Aturan managerial yang diterapkan di koperasi komunitas jauh lebih berhasil. Karena jangkauan antar anggota dan koperasinya tidak jauh, hanya di lingkungan mereka. Wilayah jangkauan yang dekat secara geografis ini juga didukung oleh ikatan sosial dan politik yang sama. Sehingga, koperasi komunitas lebih stabil dan tidak mudah retak organisasinya. Tingkat keberlanjutannya akan terjaga dengan adanya aturan main yang tegas dan disepakati dari bawah (anggotanya), bukan dari atas (pemerintah/lembaga lain).
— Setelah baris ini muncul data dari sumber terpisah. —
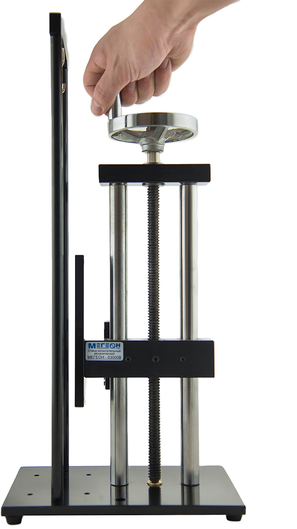 Испытательный стенд сжатия с рычажным механизмом подачи суппорта. В конструкции заложена возможность изменения высоты положения механизма подачи относительно основания. Основные узлы конструкции имеют антикоррозионное покрытие.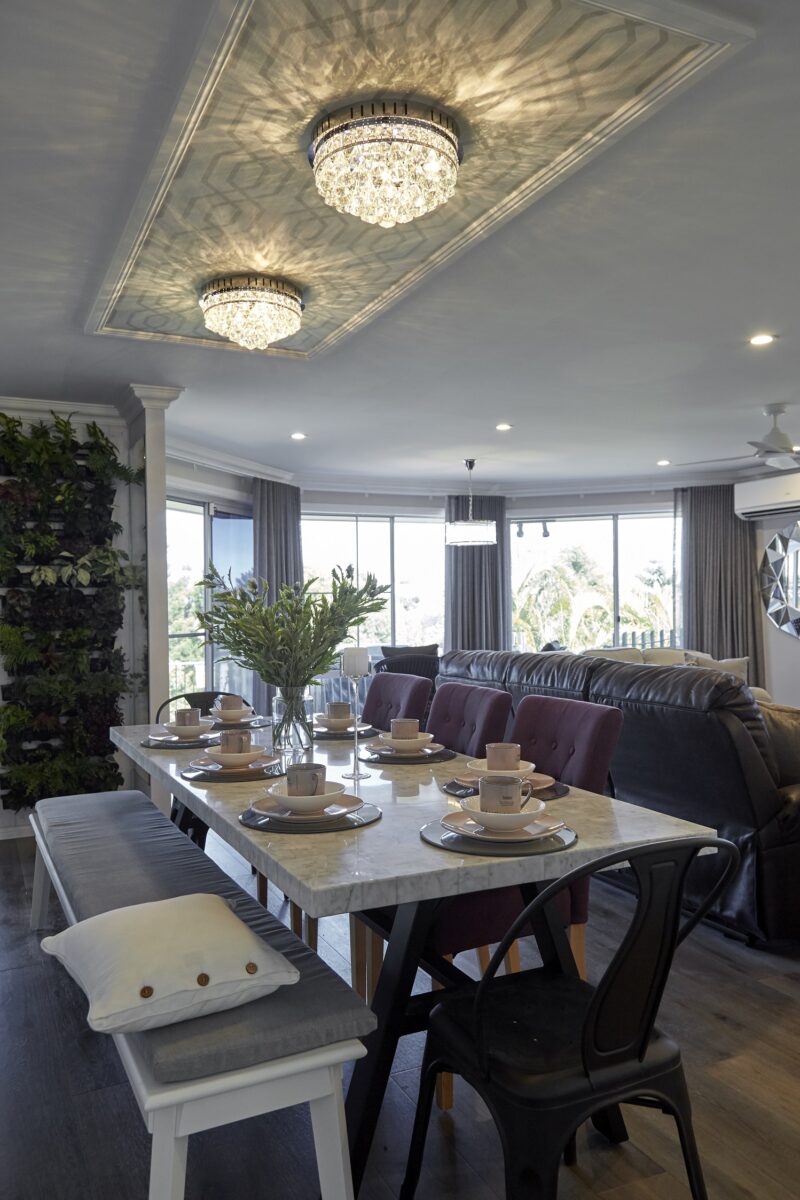 But you know what, with the rules what else did we expect?? Of course there was going to be black, purple/plum and mirror everything. The dining room really stressed me out. Those tolix chairs will be too low (they always are!) and nothing matches (I like matching, especially couches!). Vertical gardens – gone. Too hard to look after. The lighting in there?? Ummmm.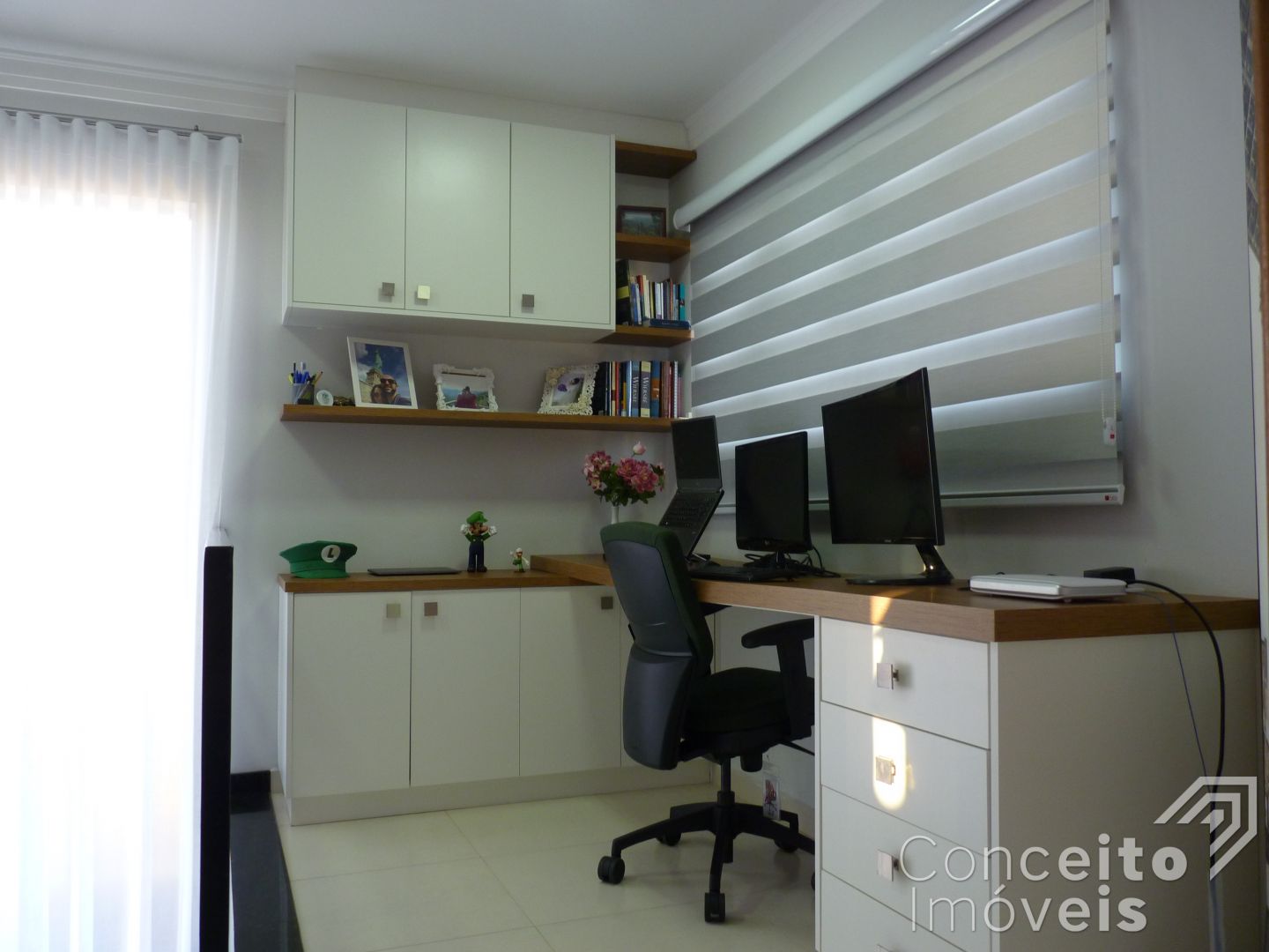Além da localização tranquila e bastante segura, este imóvel também se destaca por possuir móveis planejados, cortinas em todos os ambientes, piso em porcelanato, sistema de iluminação inteligente na sala de tv, jantar e cozinha, iluminação personalizada em led, aquecimento à luz solar com central interna, porém há preparo para aquecimento à gás, rebaixo em gesso, cerca elétrica, portão eletrônico e um pequeno jardim;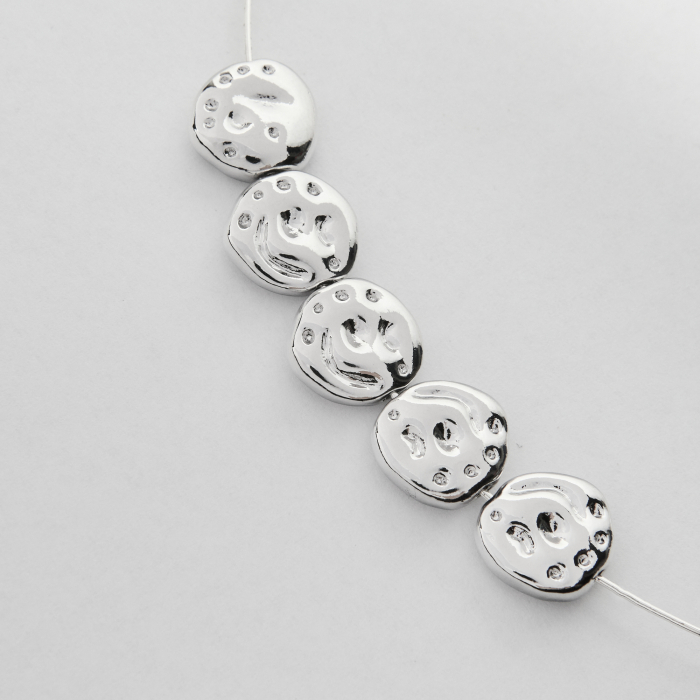 Przekładka krążek nieregularny z mosiądzu w kolorze srebrnym 13x4,5mm

Ketika pemerintah tidak berdaya lagi untuk mengentaskan perekonomian rakyat, terkuak kekuatan swadaya koperasi versi komunitas desa. Bahkan saat ini di setiap perkumpulan, warga membangun model ekonomi yang hampir mirip dengan koperasi. Mereka membuat arisan di RT/RW, dalam pertemuan jamaah tahlilan, pertemuan pengajian/yasin. Mereka melakukan penjaminan adanya dana cepat yang keuntungannya dinikmati anggota sendiri. Inilah cikal bakal koperasi komunitas yang sebenarnya.

Menariknya, keberadaan koperasi komunitas ini justru di luar dari skema pemerintah yang mensyaratkan sebuah koperasi harus berbadan hukum. Mereka saat ini hidup mandiri tanpa campur tangan pemerintah. Maka, koperasi yang berdiri di desa-desa ini secara tegas menunjukkan kepada kita bahwa koperasi komunitas adalah soko guru gerakan membangun desa dengan mengentaskan kemiskinan. Mereka mematahkan jebakan rentenir dan ketergantungan terhadap KPS lintah darat. Mereka telah menjadi bagian penting dari gerakan melawan rentenir berbadan hukum.